##### Exercise material

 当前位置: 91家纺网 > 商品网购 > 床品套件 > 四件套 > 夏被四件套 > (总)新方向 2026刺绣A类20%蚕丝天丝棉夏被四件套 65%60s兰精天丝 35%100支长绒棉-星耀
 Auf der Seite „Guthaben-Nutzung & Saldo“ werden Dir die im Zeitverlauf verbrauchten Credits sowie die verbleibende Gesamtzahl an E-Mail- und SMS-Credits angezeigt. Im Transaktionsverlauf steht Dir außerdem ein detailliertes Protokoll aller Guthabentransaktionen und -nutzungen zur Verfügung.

##########
##### Exercise material

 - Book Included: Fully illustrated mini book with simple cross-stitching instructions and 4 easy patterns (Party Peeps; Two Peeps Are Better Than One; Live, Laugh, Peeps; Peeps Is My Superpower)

##########

**About this exercise:**
Reproduce the lines of the entries above from the one with "当前位置: 91家纺网 >" to the one with "Auf der Seite", both included, exactly and without any other line.

**Solved exercise:**
 当前位置: 91家纺网 > 商品网购 > 床品套件 > 四件套 > 夏被四件套 > (总)新方向 2026刺绣A类20%蚕丝天丝棉夏被四件套 65%60s兰精天丝 35%100支长绒棉-星耀
 Auf der Seite „Guthaben-Nutzung & Saldo“ werden Dir die im Zeitverlauf verbrauchten Credits sowie die verbleibende Gesamtzahl an E-Mail- und SMS-Credits angezeigt. Im Transaktionsverlauf steht Dir außerdem ein detailliertes Protokoll aller Guthabentransaktionen und -nutzungen zur Verfügung.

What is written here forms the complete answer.